• [PROBLEM STATEMENT]:
From the listing below, please restate exactly the lines beginning at the one with "さらに、電気代に限らず食品、" and ending at the one with "Партитура для пяти", both included, and skip the pictures.
+++
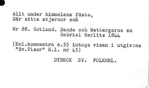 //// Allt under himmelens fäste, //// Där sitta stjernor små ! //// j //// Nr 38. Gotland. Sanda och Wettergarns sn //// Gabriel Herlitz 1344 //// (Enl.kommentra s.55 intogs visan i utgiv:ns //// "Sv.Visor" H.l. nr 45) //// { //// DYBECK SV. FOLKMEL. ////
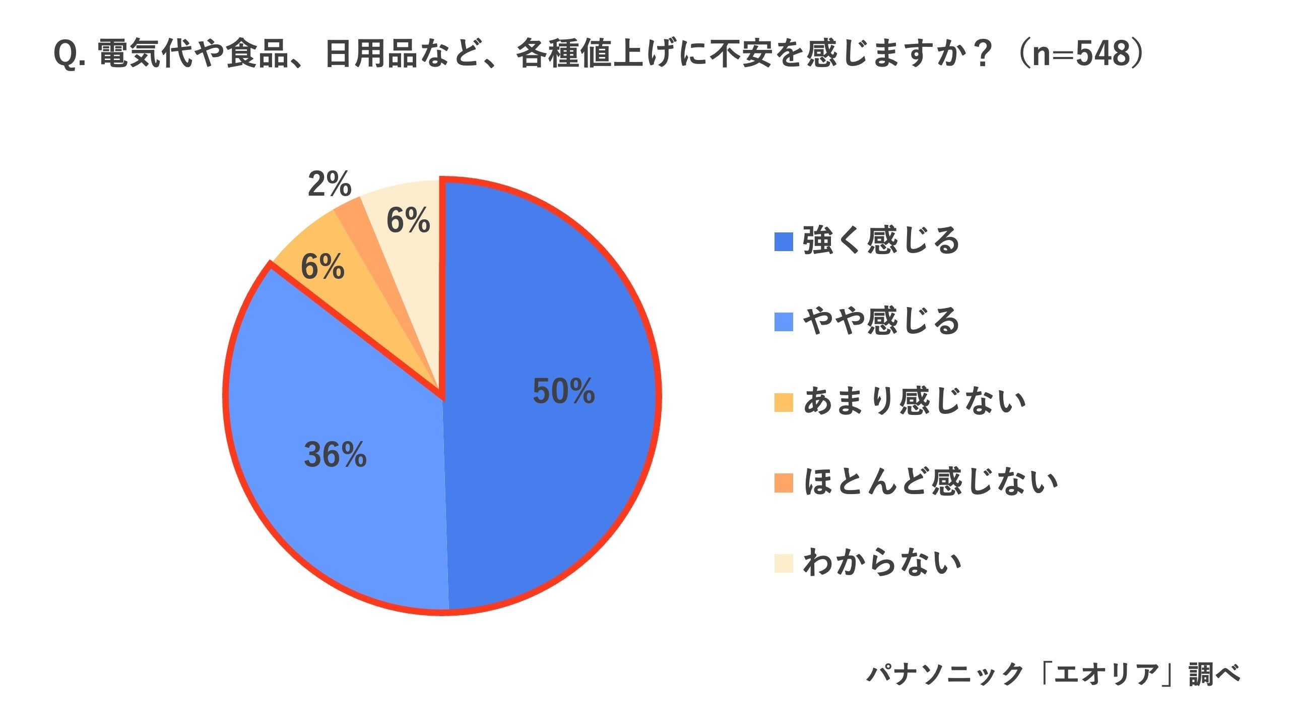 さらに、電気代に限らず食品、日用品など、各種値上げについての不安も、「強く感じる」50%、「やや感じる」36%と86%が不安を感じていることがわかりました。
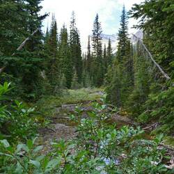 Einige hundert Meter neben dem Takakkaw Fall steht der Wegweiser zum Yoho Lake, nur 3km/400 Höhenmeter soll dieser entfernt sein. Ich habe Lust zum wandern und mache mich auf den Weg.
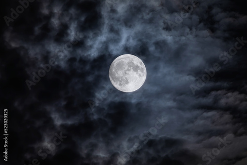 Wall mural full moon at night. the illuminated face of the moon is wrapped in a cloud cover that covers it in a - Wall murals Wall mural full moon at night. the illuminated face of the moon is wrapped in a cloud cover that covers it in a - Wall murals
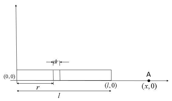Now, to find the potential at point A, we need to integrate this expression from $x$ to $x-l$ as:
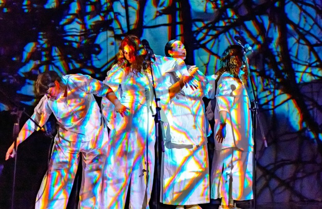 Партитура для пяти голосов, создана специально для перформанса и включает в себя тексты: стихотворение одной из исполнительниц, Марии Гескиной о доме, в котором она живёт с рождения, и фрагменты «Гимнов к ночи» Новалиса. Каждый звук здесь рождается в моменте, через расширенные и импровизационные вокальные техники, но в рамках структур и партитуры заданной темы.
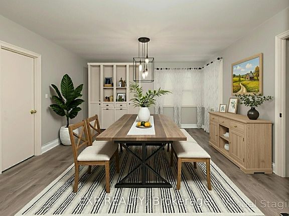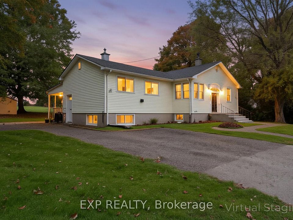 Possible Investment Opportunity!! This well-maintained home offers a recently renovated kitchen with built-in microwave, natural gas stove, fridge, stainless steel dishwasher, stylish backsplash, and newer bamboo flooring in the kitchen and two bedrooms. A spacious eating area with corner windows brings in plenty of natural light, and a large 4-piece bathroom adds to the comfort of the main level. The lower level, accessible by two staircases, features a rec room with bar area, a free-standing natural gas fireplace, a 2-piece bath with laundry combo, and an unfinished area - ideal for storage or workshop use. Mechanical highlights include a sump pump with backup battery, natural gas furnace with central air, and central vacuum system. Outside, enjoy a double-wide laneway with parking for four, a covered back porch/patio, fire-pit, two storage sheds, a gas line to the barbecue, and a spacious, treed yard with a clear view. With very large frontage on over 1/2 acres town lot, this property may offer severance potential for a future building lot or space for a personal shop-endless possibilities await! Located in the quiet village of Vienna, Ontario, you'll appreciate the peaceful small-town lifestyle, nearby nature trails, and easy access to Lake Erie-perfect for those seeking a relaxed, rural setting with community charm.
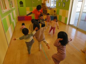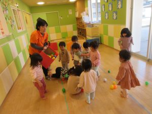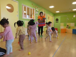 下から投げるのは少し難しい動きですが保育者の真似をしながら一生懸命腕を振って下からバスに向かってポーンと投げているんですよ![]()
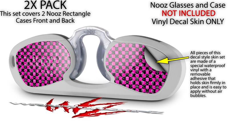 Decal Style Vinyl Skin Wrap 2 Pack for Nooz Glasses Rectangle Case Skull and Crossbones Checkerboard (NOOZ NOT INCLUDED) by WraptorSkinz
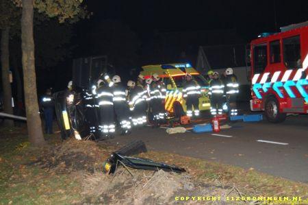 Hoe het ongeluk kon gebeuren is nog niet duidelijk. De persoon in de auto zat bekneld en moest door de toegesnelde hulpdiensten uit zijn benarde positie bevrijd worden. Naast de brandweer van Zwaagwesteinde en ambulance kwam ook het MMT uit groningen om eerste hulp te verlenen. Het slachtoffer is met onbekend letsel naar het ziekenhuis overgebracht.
+++
• [OUTPUT OF THE EXERCISE]:
 さらに、電気代に限らず食品、日用品など、各種値上げについての不安も、「強く感じる」50%、「やや感じる」36%と86%が不安を感じていることがわかりました。
 Einige hundert Meter neben dem Takakkaw Fall steht der Wegweiser zum Yoho Lake, nur 3km/400 Höhenmeter soll dieser entfernt sein. Ich habe Lust zum wandern und mache mich auf den Weg.
 Wall mural full moon at night. the illuminated face of the moon is wrapped in a cloud cover that covers it in a - Wall murals Wall mural full moon at night. the illuminated face of the moon is wrapped in a cloud cover that covers it in a - Wall murals
Now, to find the potential at point A, we need to integrate this expression from $x$ to $x-l$ as:
 Партитура для пяти голосов, создана специально для перформанса и включает в себя тексты: стихотворение одной из исполнительниц, Марии Гескиной о доме, в котором она живёт с рождения, и фрагменты «Гимнов к ночи» Новалиса. Каждый звук здесь рождается в моменте, через расширенные и импровизационные вокальные техники, но в рамках структур и партитуры заданной темы.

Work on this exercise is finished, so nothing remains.